Лунный свет на рыжевато-белых с красным и фиолетовым волосах — Боже, Вив была настоящей дикаркой. Она покрасила волосы в белый и фиолетовый цвета перед предстоящим футбольным матчем в колледже.
Кожа… Бледная, смуглая, загорелая, золотисто-коричневая — всех возможных оттенков.
Глаза… Голубые, зеленые, серые, карие.
И впрямь неплохой способ умереть — лежа на вершине горы и вспоминая лучшие моменты из жизни.
Хотя… боль отступает.
Головокружение замедляется.
Кажется, я снова могу дышать.
Может, в конце концов, я и не умру здесь.
Проходит еще несколько минут, и мне удается сесть.
В этот момент я понимаю, что мои спутники сдержали свое слово и осуществили спуск без меня. Скажу вам, вот это реальное испытание горами. Ха, я такой чертовски везучий. Хотя, в действительности так и есть. Но сейчас нужно взять свою задницу в охапку и спускаться в одиночку. Надеюсь, что не умру в процессе.
Беверли Хиллз, Калифорния
Десять месяцев спустя
Я не умер, спускаясь с Охос-дель-Саладо. Я сделал это и сумел попасть на один из последних автомобилей, покидающих лагерь. Погода резко поменялась, так что мне повезло, что я вовремя выбрался.

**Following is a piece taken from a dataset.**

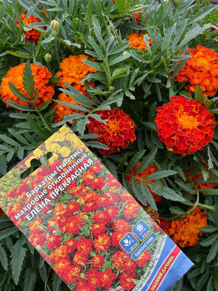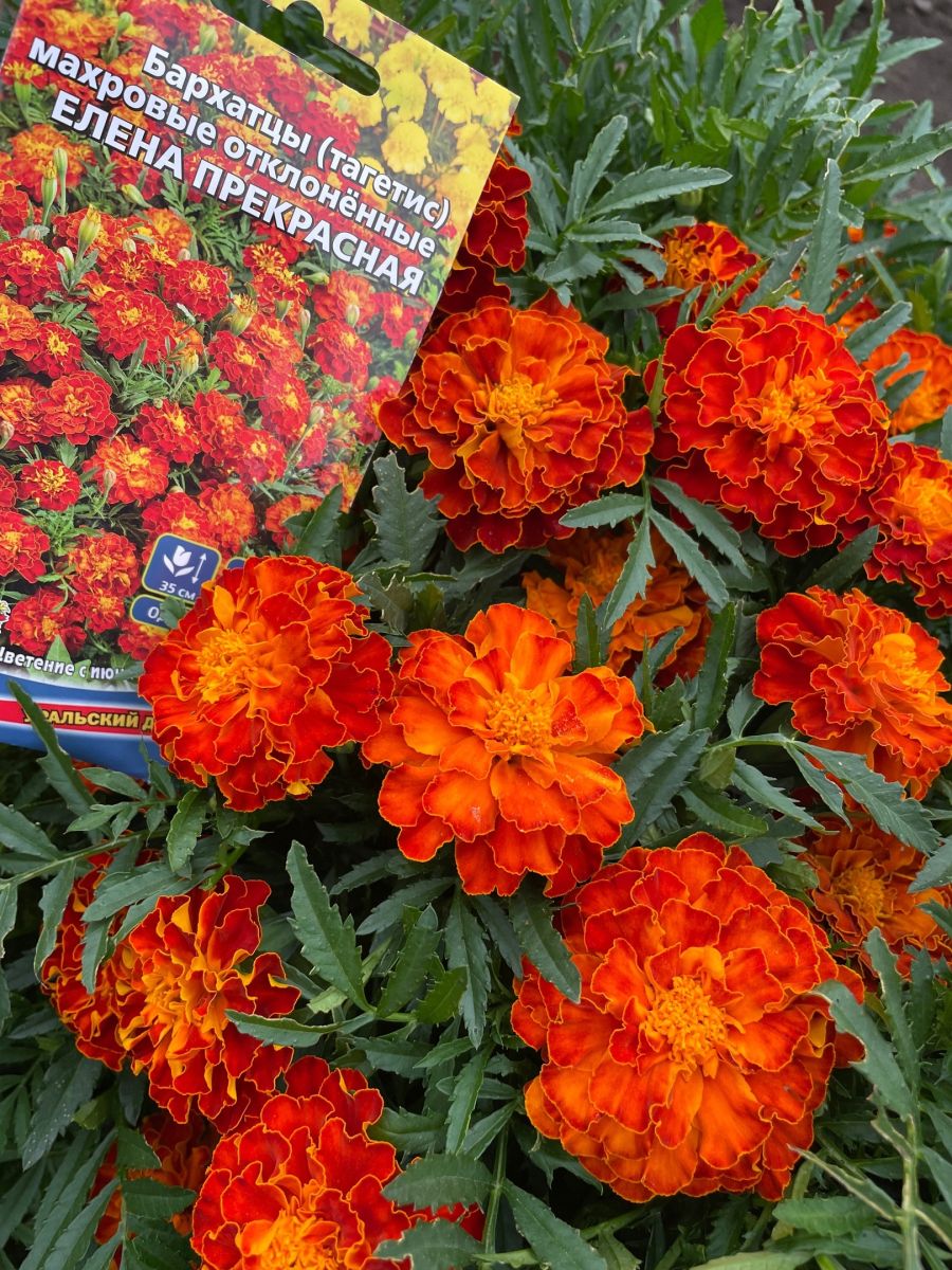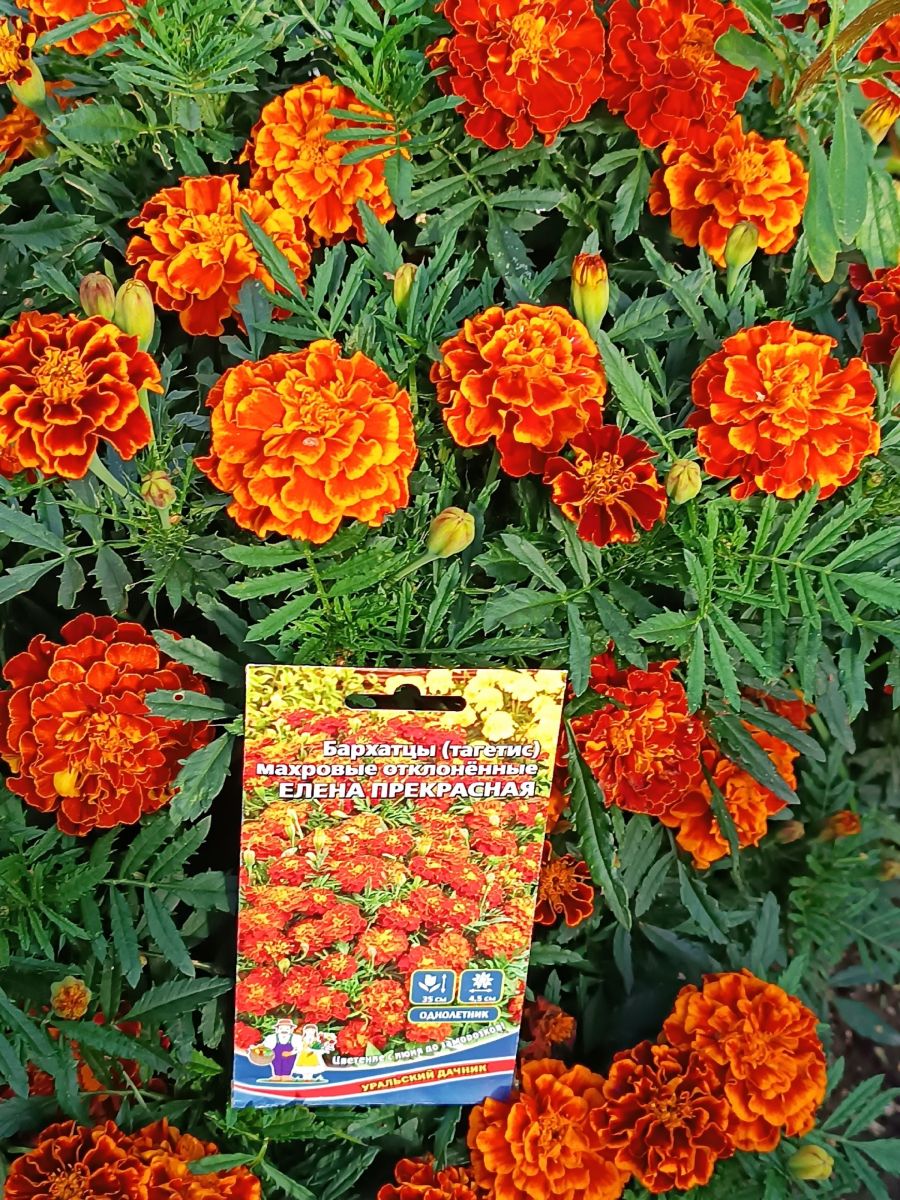 Бархатные соцветия изумительной красоты. Куст компактный, густо-облиственный, в период цветения весь покрывается яркими, двуцветными, оранжево-красными, с золотистыми краями цветками, собранными в махровые соцветия. Используют для клумб, рабаток, бордюров и украшения...

Остаток следующего года я провожу, медленно продвигаясь к западному побережью Южной Америки, потом вдоль Центральной и, наконец, добираюсь до Северной.
Я дома, в Беверли Хиллз, за два месяца до своего тридцать первого дня рождения. Здесь я только потому, что пообещал маме ради этого вернуться домой, и держу свое слово. Тут охренеть как скучно.
Я нахожусь в «саду» — этим причудливым термином именуется двор в сто квадратных метров в середине западного крыла имения. Пространство поражает количеством зелени, цветов, пальм и экзотических растений всех видов. Здесь есть скамейки и маленькие кованые столики со стульями, разбросанные тут и там в укромных уголках.